Connecting Things Inside GCP

Once you understand the primitives, the next step is how to structure connectivity across multiple projects, teams, or environments within GCP. The answer almost always involves some combination of VPC peering and Shared VPC, and choosing between them is one of the earlier architectural decisions you'll make.

Single vs. Multiple VPCs

The first question is whether you even need multiple VPCs. A single VPC is significantly simpler to manage and reason about. Multiple VPCs make sense when you need hard network boundaries - for example - between prod and non-prod, between business units with different compliance requirements, or between systems that should have no path between them even if IAM were misconfigured. If you don't have a clear isolation requirement driving the decision, start with one VPC and split later only if you need to.

VPC Peering

VPC peering connects two VPCs (same project, different projects, even different organizations) so they can communicate using internal IPs. Traffic stays on Google's network and never hits the public internet. It's a simple concept with one critical constraint: peering is non-transitive.

If VPC A peers with VPC B, and VPC B peers with VPC C, then A and C cannot talk through B. There is no route propagation across the peering link. You need to peer A and C directly if you want them to communicate. This makes hub-and-spoke topologies using only VPC peering very painful at scale, since every spoke needs to peer with every other spoke it needs to talk to, which grows as O(n²). Shared VPC is often the better answer for these topologies.

Shared VPC

Shared VPC centralizes network ownership. A host project owns the VPC (its subnets, routes, firewall rules) and service projects attach to it, deploying their resources into the shared subnets. Network management is centralized; teams own their compute resources in their own projects. This is the right model for most multi-team or multi-environment setups. The cost is more upfront configuration and more involved IAM: the host project needs to grant service projects the compute.networkUser role to allow them to use shared subnets. Miss this and your cluster or VM creation will fail with errors that aren't always immediately helpful.

You can also share subnets using folders, which lets you apply sharing policies at the folder level in your organization hierarchy rather than project by project. Useful for large enterprises where manually managing individual project grants doesn't scale!

Connecting to GCP Managed Services

Not everything you interact with is a VM you control. GCP has a large ecosystem of managed services - Cloud SQL, Pub/Sub, GCS, BigQuery, and more - and they each connect to your VPC differently.

Private Google Access solves a specific problem: VMs with only internal IPs (no external address) need a way to reach Google APIs without going through the public internet.
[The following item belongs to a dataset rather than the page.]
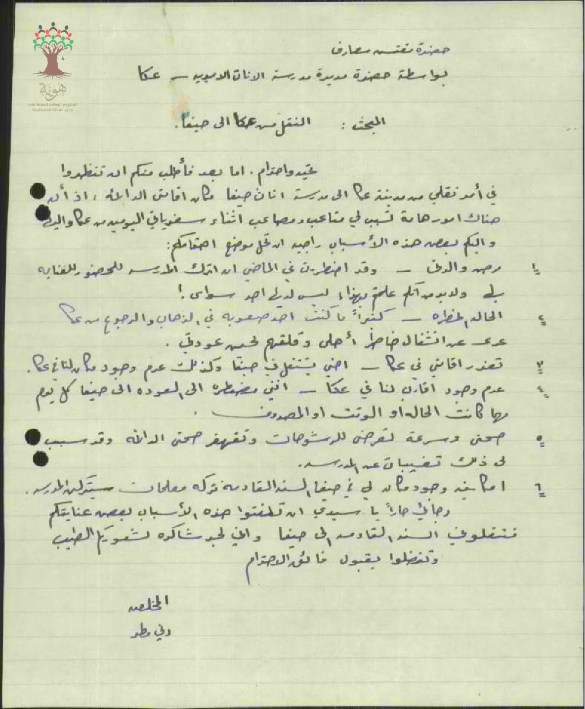 رسائل من المعلمة رنيه مطر الى مفتش المعارف تطلب نقلها من عكا الى حيفا

You enable it per subnet, and from that point, VMs in that subnet can reach Google APIs using internal routing. For VMs on-premises connecting over VPN or Interconnect, the setup is slightly different: you route traffic to private.googleapis.com or restricted.googleapis.com via custom routes, so API traffic stays off the public internet end to end.

For managed services like Cloud SQL, the mechanism behind private IP is Private Service Connect or VPC peering into a Google-managed VPC: Google runs the managed service backend in their own VPC and peers it into yours. For SaaS, PaaS, and IaaS services more broadly, the connection model varies by service: some use Private Service Connect, some use Private Service Access, some use direct internet. It's worth checking which model applies to each service before you design your firewall and routing rules around it.

GKE Networking

GKE networking is VPC networking with extra layers on top.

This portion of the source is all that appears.